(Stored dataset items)
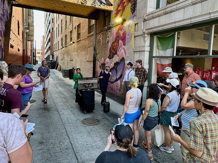 By default, the audience had no agency in the story, because we were witnessing a recounting of real, historical events. Still, the repeated opportunity to engage in these spaces with both the augmented reality and the other spectators in my group was unique. Layer in the raw chaos of the roaming, uncontrolled environment and suddenly, you have brought to life a significant but often overlooked piece of Denver’s history.
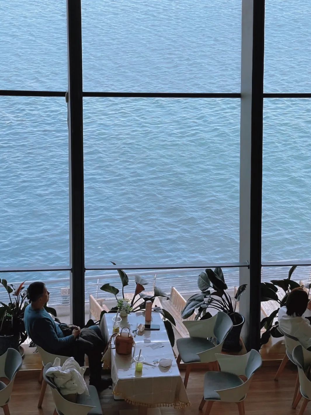 博物馆一楼的“网红”海景咖啡书吧,偏安一隅。高大透明的落地窗,泛着书香的休息区,逛累了,在此小憩片刻,或是看着窗外的海景发发呆,周身的疲惫都消散了。
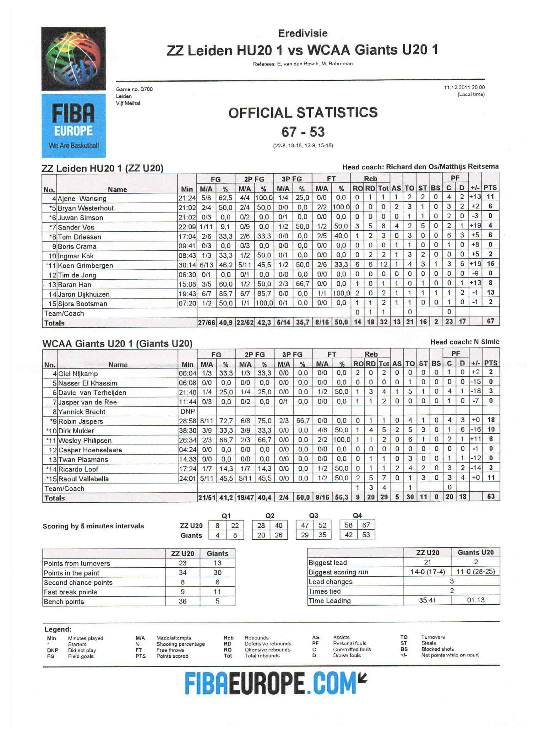 Datum: zondag 11 december 2011 · 20:00 Team: Locatie: Vijf Meihal, Leiden
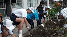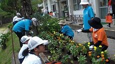 終わりの会で校長先生や民生児童委員の代表の方が「花を植えることだけではなく、これからの手入れや育てていくことの方がさらに大切」と話されていました。お忙しい中に時間を割いて学校に来て、一緒に活動していただきありがとうございました。
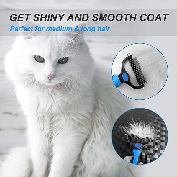 Dwustronna szczotka do usuwania podszerstka i rozczesywania włosów jest odpowiednia dla wszystkich futrzastych przyjaciół o średnich i długich włosach! Jest to produkt szczególnie niezbędny w okresie linienia zwierząt.
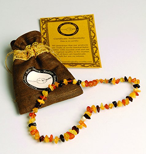 - Baltic Amber Teething Necklace For Babies (Unis3x)- Drooling Problem & Pain Reduce Properties. Certification Guaranteed - Nature Made - Highest Quality Handmade Jewelry. Mothers Approved Remedies.
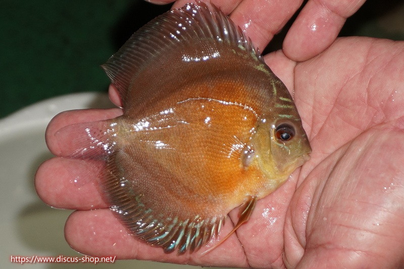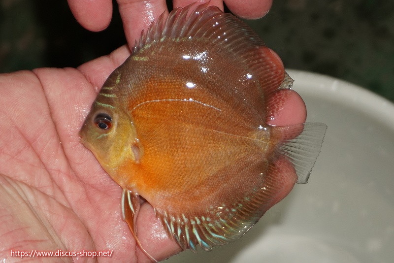紅月の種親のウルトラグレード個体と同グレードの朱月を交配した新シリーズの生後半年個体。名のごとく全身の紅色の深い発色と抜群のブルーアーチ、どれをとっても一級品以上のポテンシャルを持っております。成長も早く健全で強い個体ですのであと半年飼い込めば恐ろしいポテンシャルを発揮するでしょう。B-HOUSE朱月、紅月とは、誰もが知る唯一無二のカリスマ、広島B-HOUSE倉津氏が20年以上の歳月をかけて作出した究極かつ唯一無二の完全オリジナルメイドインジャパンディスカス。単純にワイルドレッドディスカスのみを交配したのではなく全てのワイルドディスカスからの交配で作出されており、その赤の深さ、ブルーのラインや発色は意図して創られた究極のディスカスです。氏が話されていたブリーダーではなくデザイナー、アーティストという感覚で鱗の輝きや色質を考え作られたことはこのディスカスを見れば十分に納得いただけると思います。それほどに奥深く、長年交配され完成されたこのディスカスからは他にはないオーラを感じます。早々世の中に出回ることが無い大変貴重な個体です。

= Work required =
Your task is to copy the entries in full and exactly, without any images.

= Exercise answer =
 By default, the audience had no agency in the story, because we were witnessing a recounting of real, historical events. Still, the repeated opportunity to engage in these spaces with both the augmented reality and the other spectators in my group was unique. Layer in the raw chaos of the roaming, uncontrolled environment and suddenly, you have brought to life a significant but often overlooked piece of Denver’s history.
 博物馆一楼的“网红”海景咖啡书吧,偏安一隅。高大透明的落地窗,泛着书香的休息区,逛累了,在此小憩片刻,或是看着窗外的海景发发呆,周身的疲惫都消散了。
 Datum: zondag 11 december 2011 · 20:00 Team: Locatie: Vijf Meihal, Leiden
 終わりの会で校長先生や民生児童委員の代表の方が「花を植えることだけではなく、これからの手入れや育てていくことの方がさらに大切」と話されていました。お忙しい中に時間を割いて学校に来て、一緒に活動していただきありがとうございました。
 Dwustronna szczotka do usuwania podszerstka i rozczesywania włosów jest odpowiednia dla wszystkich futrzastych przyjaciół o średnich i długich włosach! Jest to produkt szczególnie niezbędny w okresie linienia zwierząt.
 - Baltic Amber Teething Necklace For Babies (Unis3x)- Drooling Problem & Pain Reduce Properties. Certification Guaranteed - Nature Made - Highest Quality Handmade Jewelry. Mothers Approved Remedies.
紅月の種親のウルトラグレード個体と同グレードの朱月を交配した新シリーズの生後半年個体。名のごとく全身の紅色の深い発色と抜群のブルーアーチ、どれをとっても一級品以上のポテンシャルを持っております。成長も早く健全で強い個体ですのであと半年飼い込めば恐ろしいポテンシャルを発揮するでしょう。B-HOUSE朱月、紅月とは、誰もが知る唯一無二のカリスマ、広島B-HOUSE倉津氏が20年以上の歳月をかけて作出した究極かつ唯一無二の完全オリジナルメイドインジャパンディスカス。単純にワイルドレッドディスカスのみを交配したのではなく全てのワイルドディスカスからの交配で作出されており、その赤の深さ、ブルーのラインや発色は意図して創られた究極のディスカスです。氏が話されていたブリーダーではなくデザイナー、アーティストという感覚で鱗の輝きや色質を考え作られたことはこのディスカスを見れば十分に納得いただけると思います。それほどに奥深く、長年交配され完成されたこのディスカスからは他にはないオーラを感じます。早々世の中に出回ることが無い大変貴重な個体です。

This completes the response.